(Goal of the exercise): From the material below, copy exactly the lines beginning with the one that contains "骆驼女装羽绒服2025秋冬新款防水羽绒内胆登山服宽松冲锋衣短外套" and ending with the one that contains "Alle sieraden zijn"; the pictures stay out.

(Data supplied):
┄┄┄┄┄┄┄┄┄┄

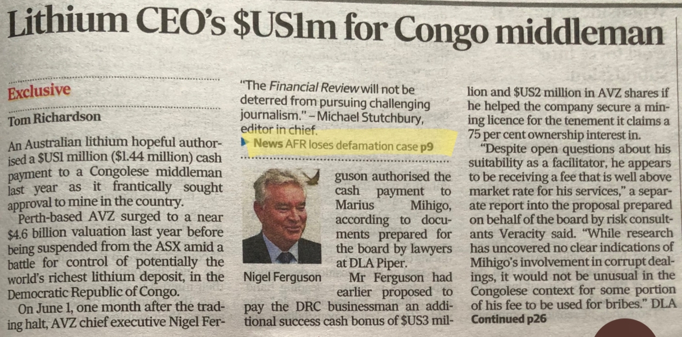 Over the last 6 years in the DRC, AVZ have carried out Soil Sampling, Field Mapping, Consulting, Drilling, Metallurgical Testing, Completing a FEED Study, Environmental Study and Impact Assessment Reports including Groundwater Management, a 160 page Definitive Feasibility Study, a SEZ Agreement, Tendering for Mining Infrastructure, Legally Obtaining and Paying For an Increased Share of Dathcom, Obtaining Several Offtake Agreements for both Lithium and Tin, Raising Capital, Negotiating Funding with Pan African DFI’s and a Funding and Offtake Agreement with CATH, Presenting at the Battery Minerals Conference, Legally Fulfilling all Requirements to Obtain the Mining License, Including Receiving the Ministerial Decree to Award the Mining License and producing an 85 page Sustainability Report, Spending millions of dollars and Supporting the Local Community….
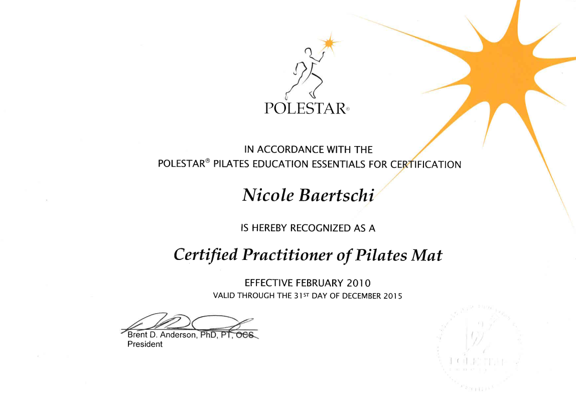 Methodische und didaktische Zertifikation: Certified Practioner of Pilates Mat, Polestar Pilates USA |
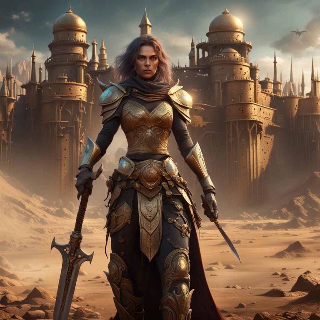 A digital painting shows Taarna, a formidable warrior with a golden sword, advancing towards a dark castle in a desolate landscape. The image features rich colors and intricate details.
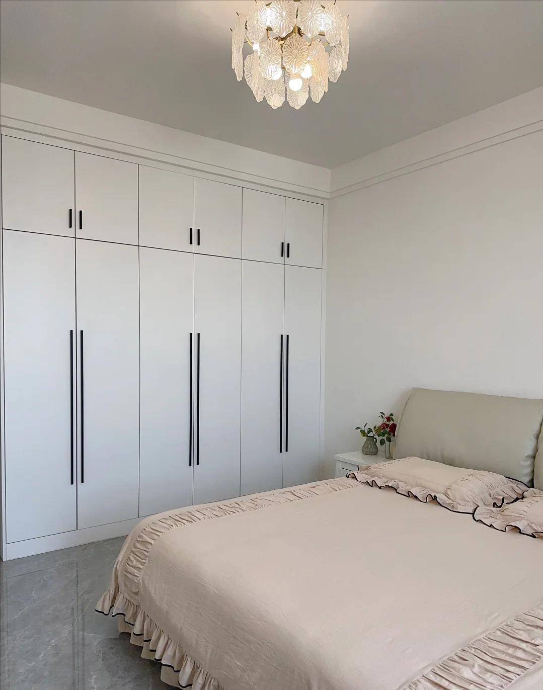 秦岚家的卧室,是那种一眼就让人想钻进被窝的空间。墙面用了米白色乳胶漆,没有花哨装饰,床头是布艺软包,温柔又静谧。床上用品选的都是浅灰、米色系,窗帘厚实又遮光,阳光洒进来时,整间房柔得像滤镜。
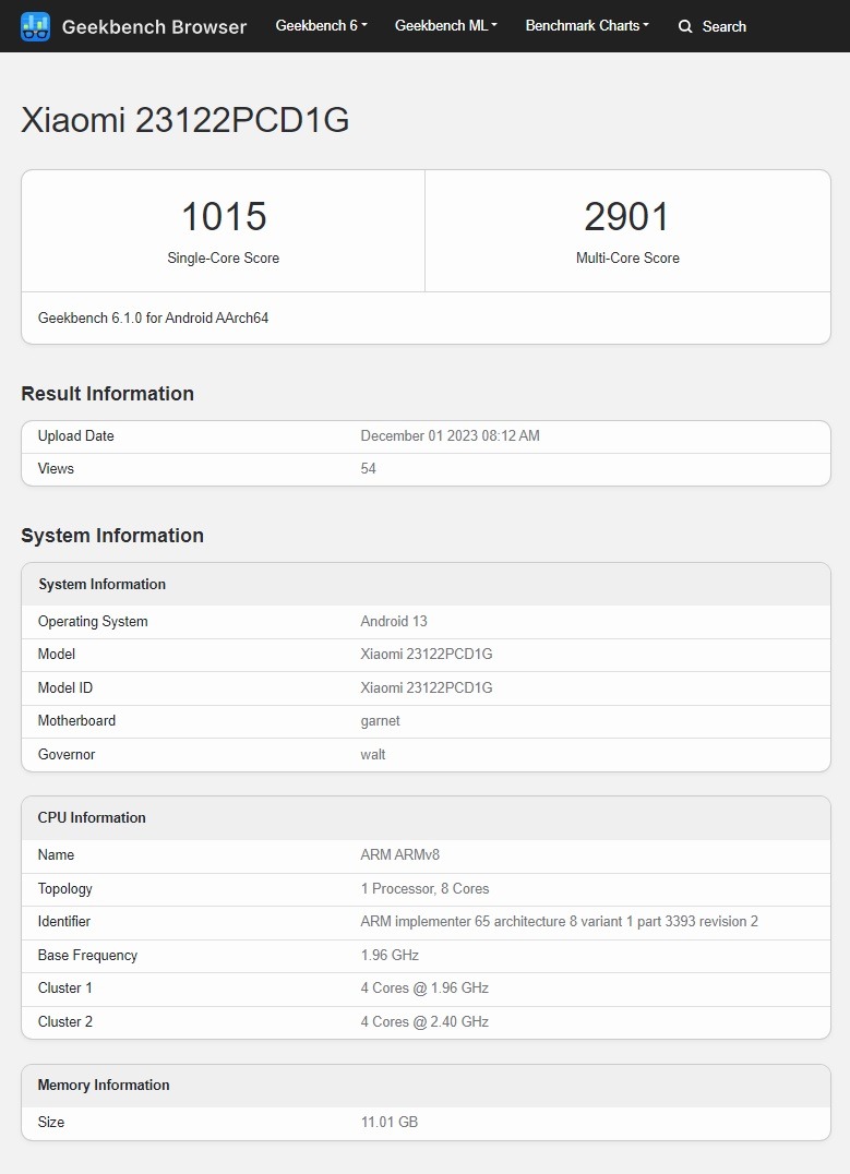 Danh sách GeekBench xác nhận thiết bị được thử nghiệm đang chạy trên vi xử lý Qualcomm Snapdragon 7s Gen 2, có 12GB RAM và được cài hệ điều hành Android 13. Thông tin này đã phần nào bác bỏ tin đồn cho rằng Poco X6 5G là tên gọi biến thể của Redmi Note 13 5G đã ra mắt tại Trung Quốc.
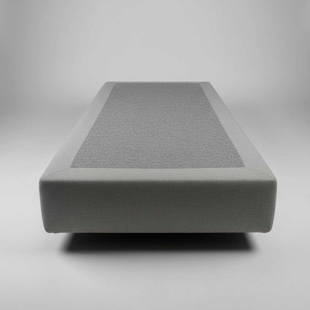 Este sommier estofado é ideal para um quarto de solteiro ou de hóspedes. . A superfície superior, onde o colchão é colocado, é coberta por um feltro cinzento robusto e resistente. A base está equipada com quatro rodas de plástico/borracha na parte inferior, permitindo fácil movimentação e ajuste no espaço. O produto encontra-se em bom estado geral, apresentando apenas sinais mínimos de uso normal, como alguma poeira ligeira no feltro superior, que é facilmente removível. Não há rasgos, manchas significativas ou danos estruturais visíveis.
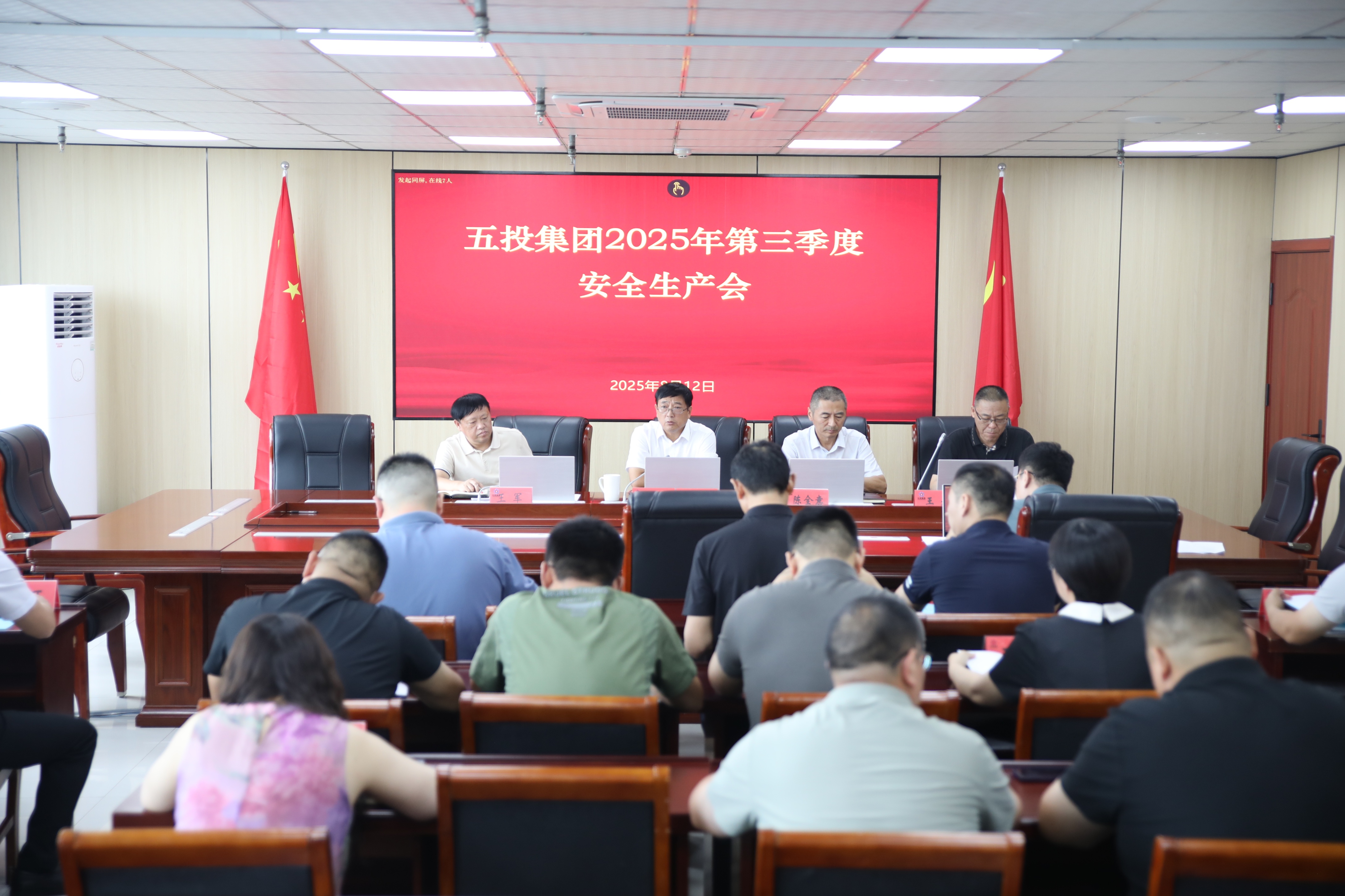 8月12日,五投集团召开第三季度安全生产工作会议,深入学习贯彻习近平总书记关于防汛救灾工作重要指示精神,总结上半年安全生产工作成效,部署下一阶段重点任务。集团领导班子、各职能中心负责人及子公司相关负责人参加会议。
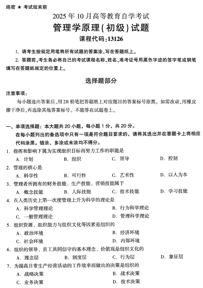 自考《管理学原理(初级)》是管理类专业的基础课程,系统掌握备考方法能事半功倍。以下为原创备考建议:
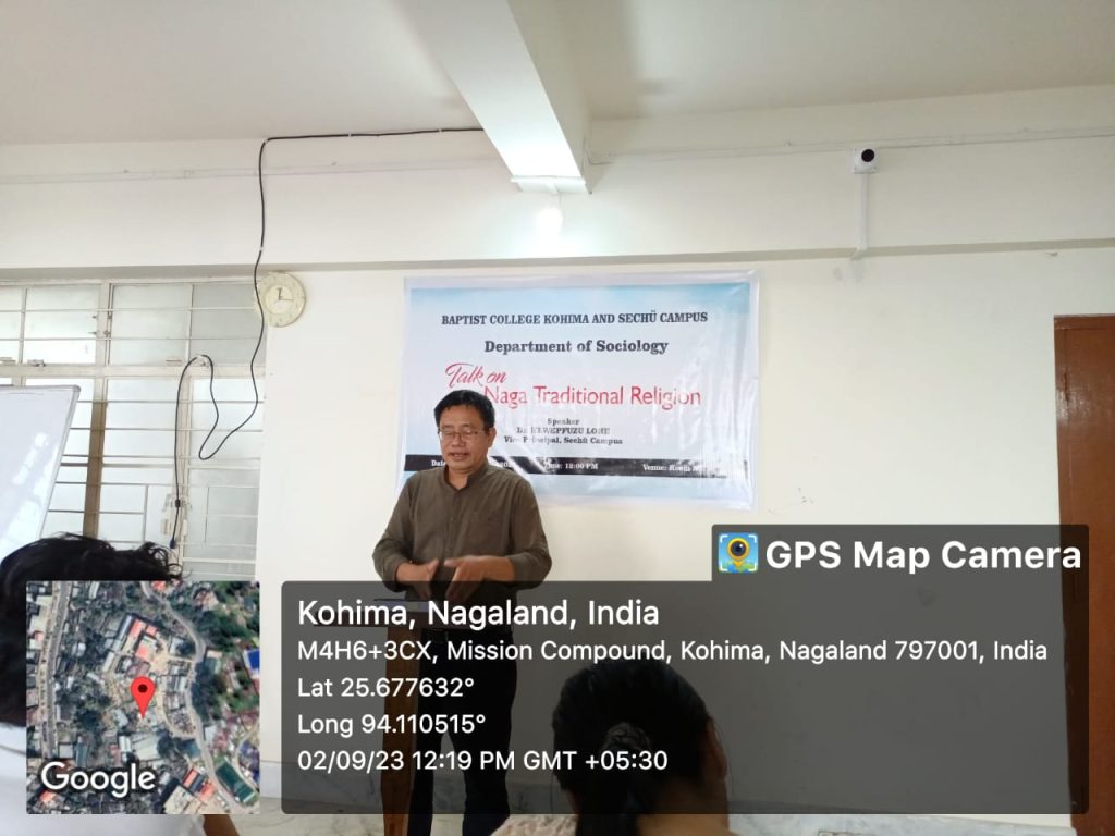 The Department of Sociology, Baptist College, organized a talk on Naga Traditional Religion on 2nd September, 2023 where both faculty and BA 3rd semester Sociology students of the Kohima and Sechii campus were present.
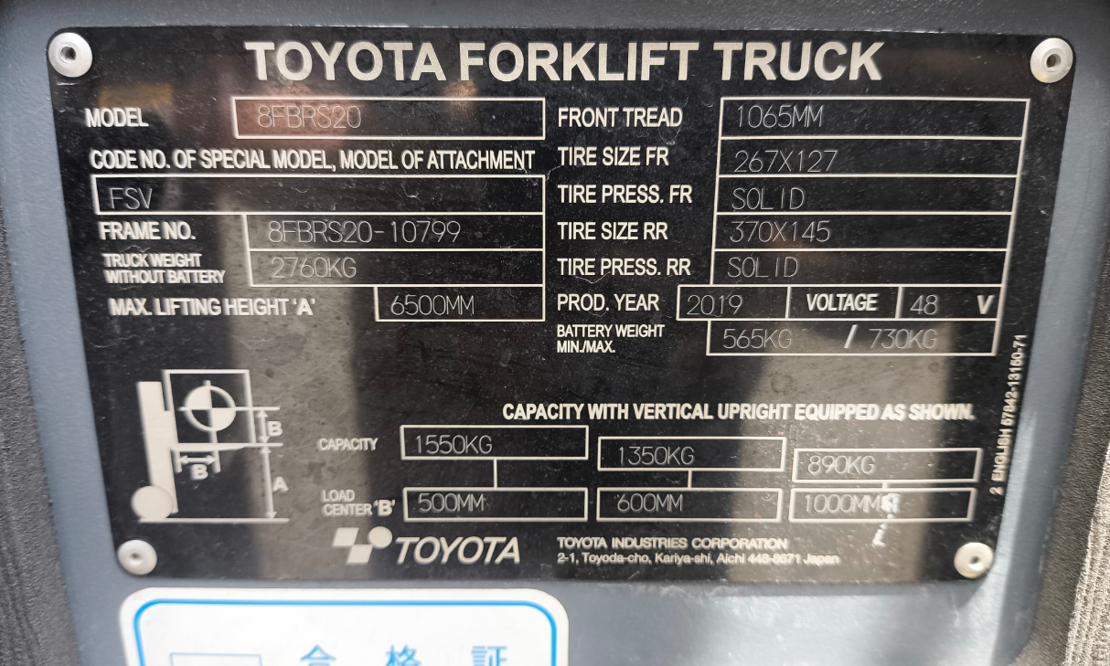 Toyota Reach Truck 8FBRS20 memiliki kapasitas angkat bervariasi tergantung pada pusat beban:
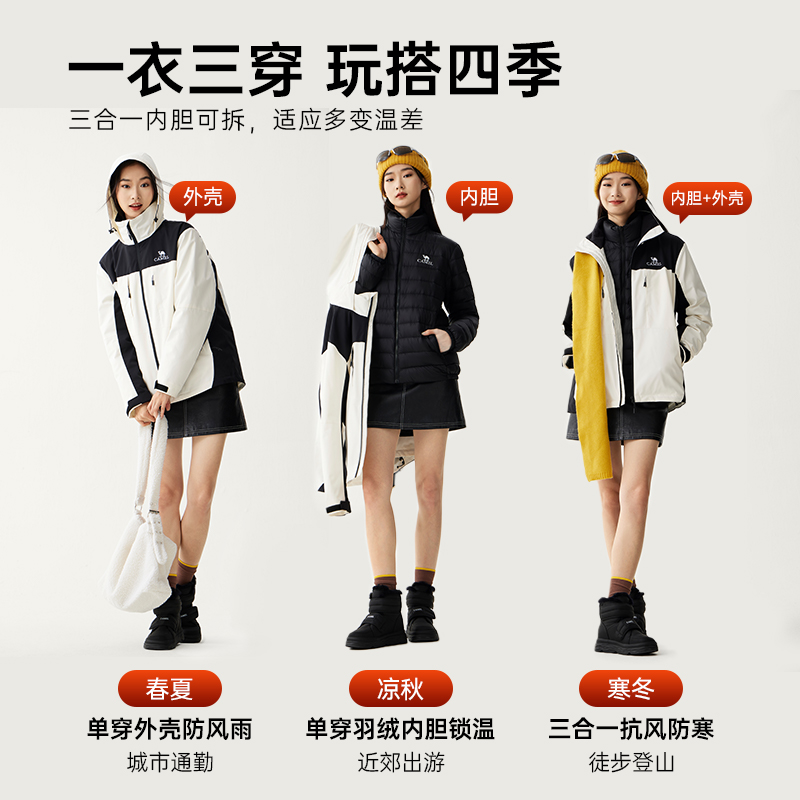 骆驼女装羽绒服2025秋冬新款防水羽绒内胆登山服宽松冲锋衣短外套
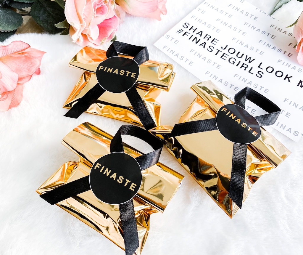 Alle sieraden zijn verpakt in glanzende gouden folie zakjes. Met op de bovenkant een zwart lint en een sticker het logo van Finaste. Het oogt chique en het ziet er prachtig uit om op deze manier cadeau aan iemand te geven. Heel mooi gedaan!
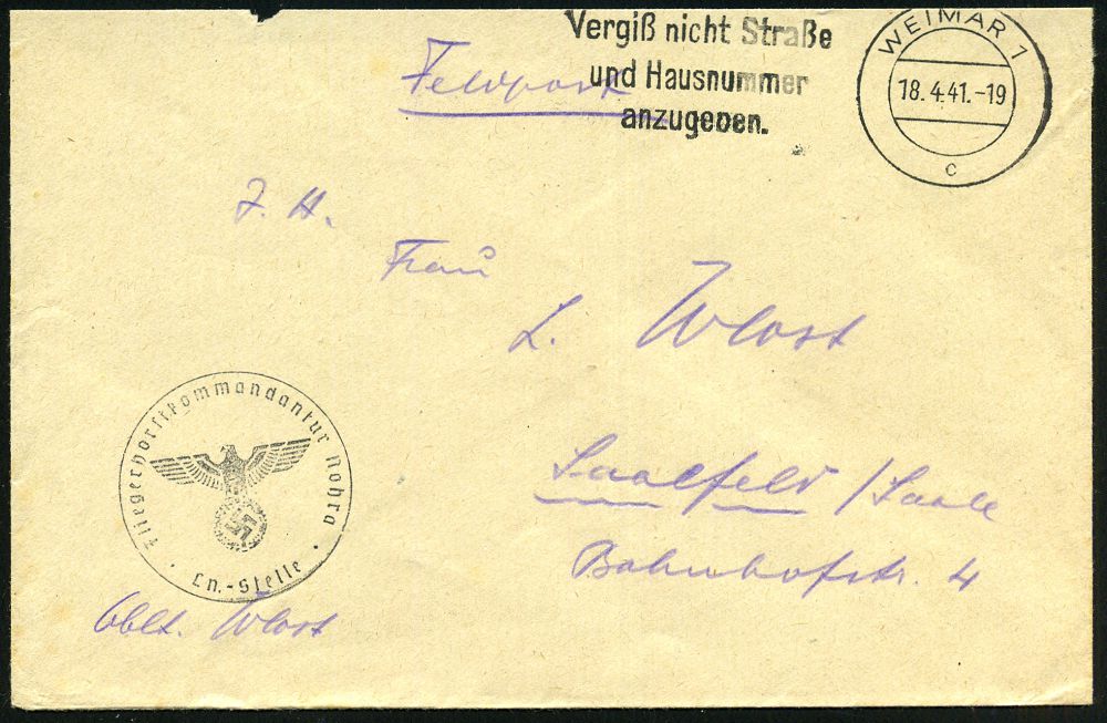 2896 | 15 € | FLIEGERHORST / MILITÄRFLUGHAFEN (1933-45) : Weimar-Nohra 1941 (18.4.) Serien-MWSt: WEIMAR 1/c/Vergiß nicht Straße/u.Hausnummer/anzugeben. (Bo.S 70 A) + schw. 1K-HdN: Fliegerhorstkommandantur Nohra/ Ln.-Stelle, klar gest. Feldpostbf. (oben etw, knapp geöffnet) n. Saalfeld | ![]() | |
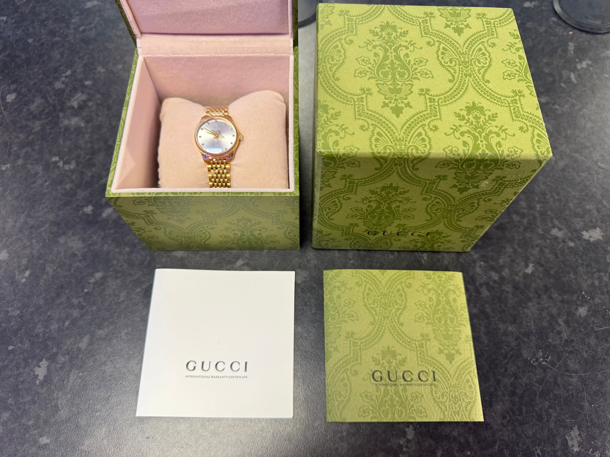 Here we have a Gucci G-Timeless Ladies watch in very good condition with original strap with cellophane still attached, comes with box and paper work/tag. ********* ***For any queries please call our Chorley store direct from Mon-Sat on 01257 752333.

┄┄┄┄┄┄┄┄┄┄

(Finished task):
 骆驼女装羽绒服2025秋冬新款防水羽绒内胆登山服宽松冲锋衣短外套
 Alle sieraden zijn verpakt in glanzende gouden folie zakjes. Met op de bovenkant een zwart lint en een sticker het logo van Finaste. Het oogt chique en het ziet er prachtig uit om op deze manier cadeau aan iemand te geven. Heel mooi gedaan!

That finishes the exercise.